> **DATA FOR ANALYSIS**:
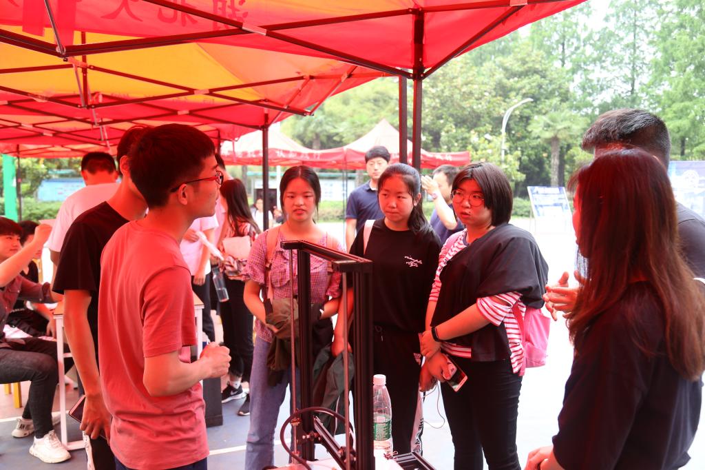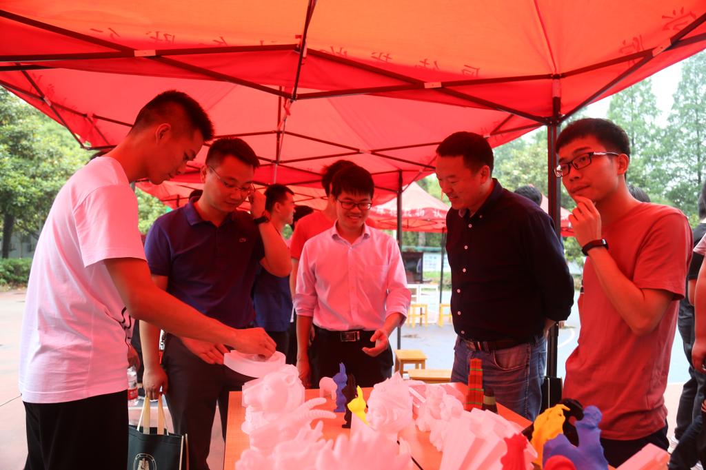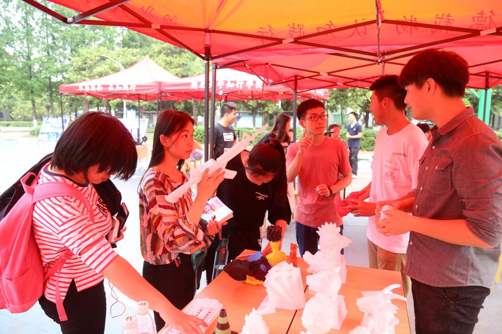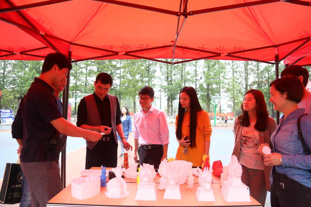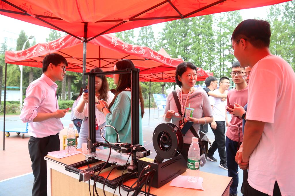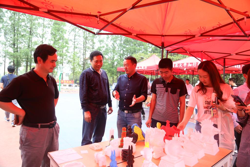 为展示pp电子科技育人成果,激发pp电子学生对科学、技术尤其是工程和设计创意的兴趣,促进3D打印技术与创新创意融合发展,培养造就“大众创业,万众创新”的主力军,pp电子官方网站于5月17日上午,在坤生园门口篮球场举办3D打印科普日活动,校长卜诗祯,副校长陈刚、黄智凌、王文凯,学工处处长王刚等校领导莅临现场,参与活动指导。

...

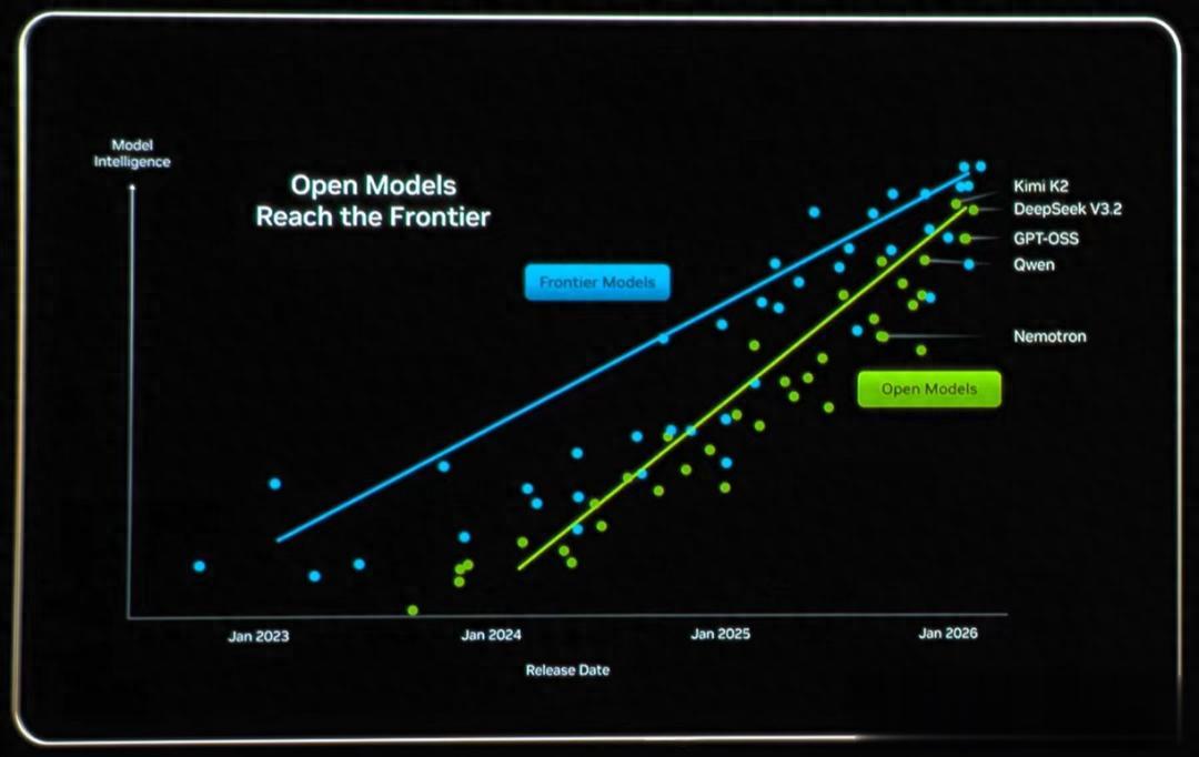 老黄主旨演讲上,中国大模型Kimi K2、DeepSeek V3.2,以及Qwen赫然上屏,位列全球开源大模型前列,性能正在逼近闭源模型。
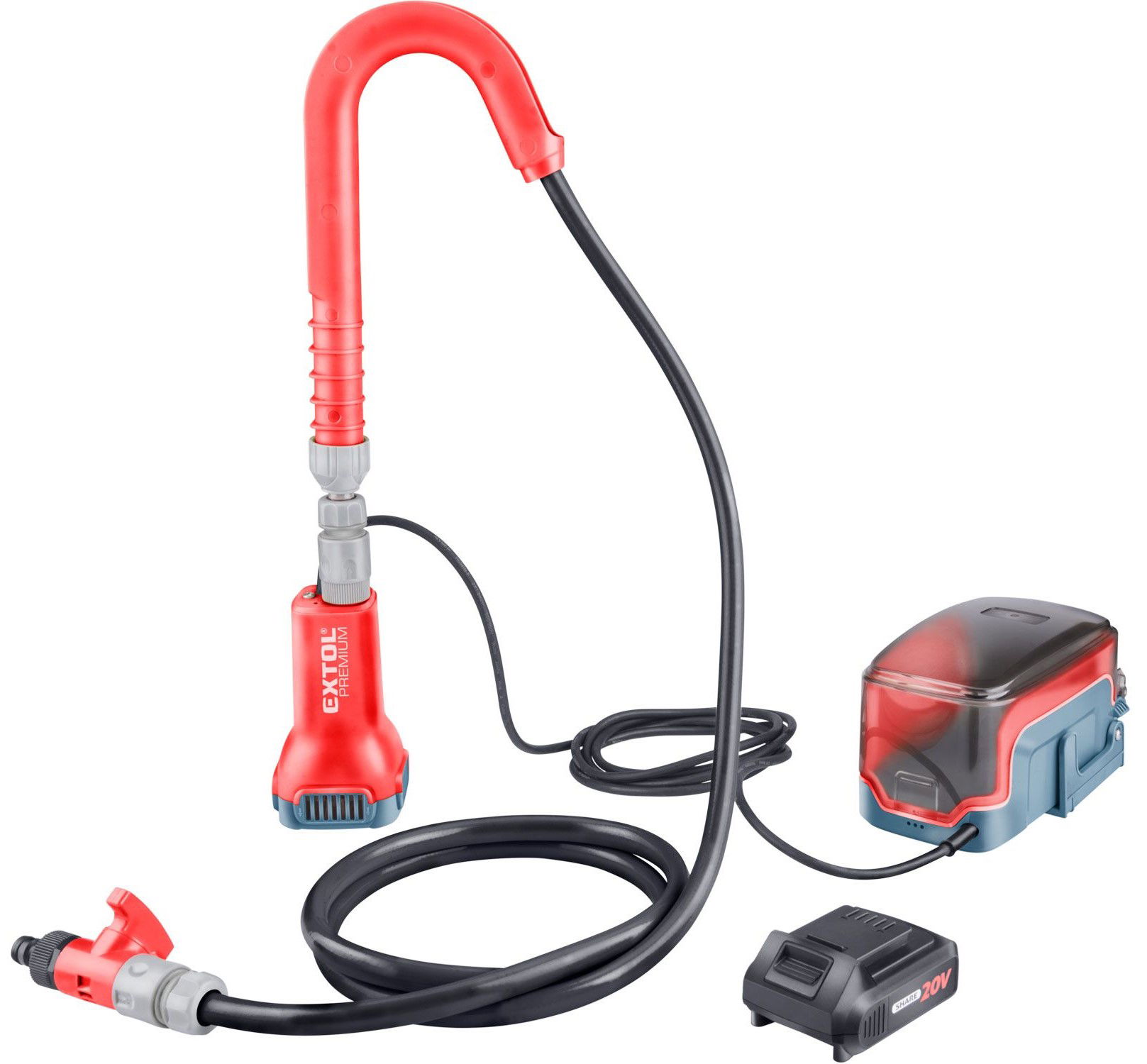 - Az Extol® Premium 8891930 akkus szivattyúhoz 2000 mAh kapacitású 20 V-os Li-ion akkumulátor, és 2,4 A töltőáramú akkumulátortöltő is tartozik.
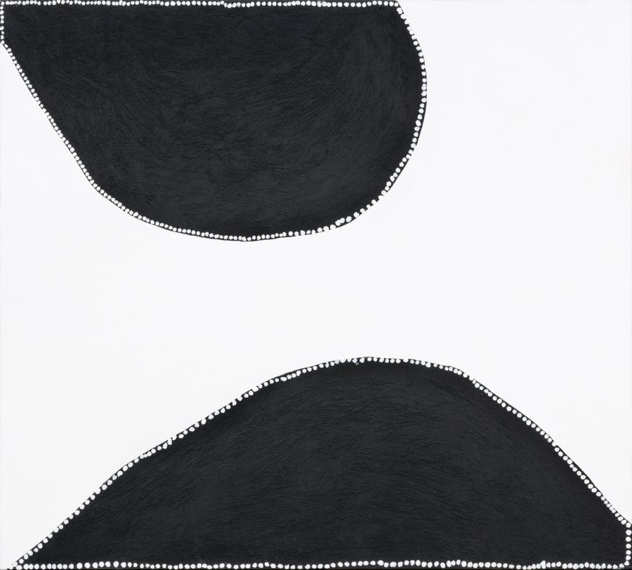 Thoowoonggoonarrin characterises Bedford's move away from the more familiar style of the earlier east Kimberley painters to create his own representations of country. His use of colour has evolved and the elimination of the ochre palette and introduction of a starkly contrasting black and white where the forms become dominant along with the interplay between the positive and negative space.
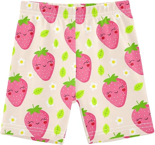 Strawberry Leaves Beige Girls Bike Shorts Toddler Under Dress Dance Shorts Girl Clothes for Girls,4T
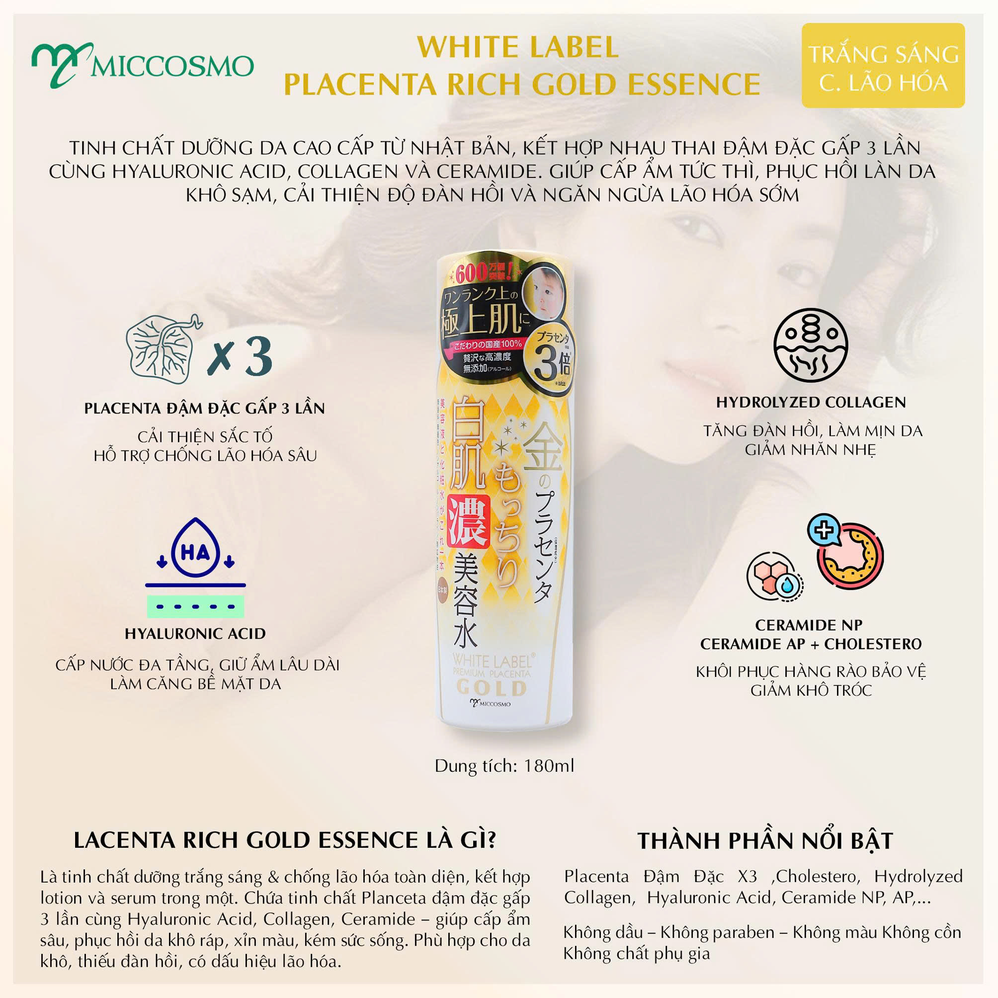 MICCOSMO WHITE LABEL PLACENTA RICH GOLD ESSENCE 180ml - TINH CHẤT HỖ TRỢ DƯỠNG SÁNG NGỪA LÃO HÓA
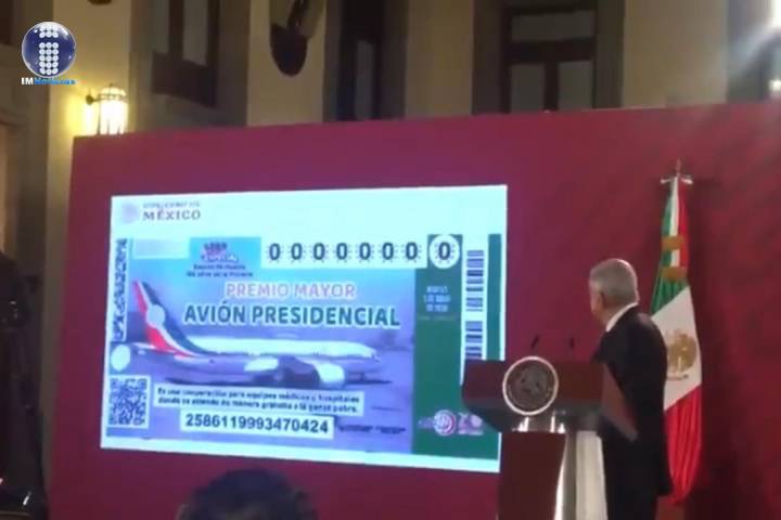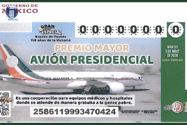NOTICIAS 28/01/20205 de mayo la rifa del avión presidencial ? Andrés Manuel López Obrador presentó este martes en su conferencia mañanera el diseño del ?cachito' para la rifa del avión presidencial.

> **ASSIGNED TASK**: Set the pictures aside and reproduce exactly the lines above, from the line holding "Thoowoonggoonarrin characterises Bedford's" through the line holding "NOTICIAS 28/01/20205 de", both included, with nothing else.

> **SOLUTION TO THE PROBLEM**:
 Thoowoonggoonarrin characterises Bedford's move away from the more familiar style of the earlier east Kimberley painters to create his own representations of country. His use of colour has evolved and the elimination of the ochre palette and introduction of a starkly contrasting black and white where the forms become dominant along with the interplay between the positive and negative space.
 Strawberry Leaves Beige Girls Bike Shorts Toddler Under Dress Dance Shorts Girl Clothes for Girls,4T
 MICCOSMO WHITE LABEL PLACENTA RICH GOLD ESSENCE 180ml - TINH CHẤT HỖ TRỢ DƯỠNG SÁNG NGỪA LÃO HÓA
NOTICIAS 28/01/20205 de mayo la rifa del avión presidencial ? Andrés Manuel López Obrador presentó este martes en su conferencia mañanera el diseño del ?cachito' para la rifa del avión presidencial.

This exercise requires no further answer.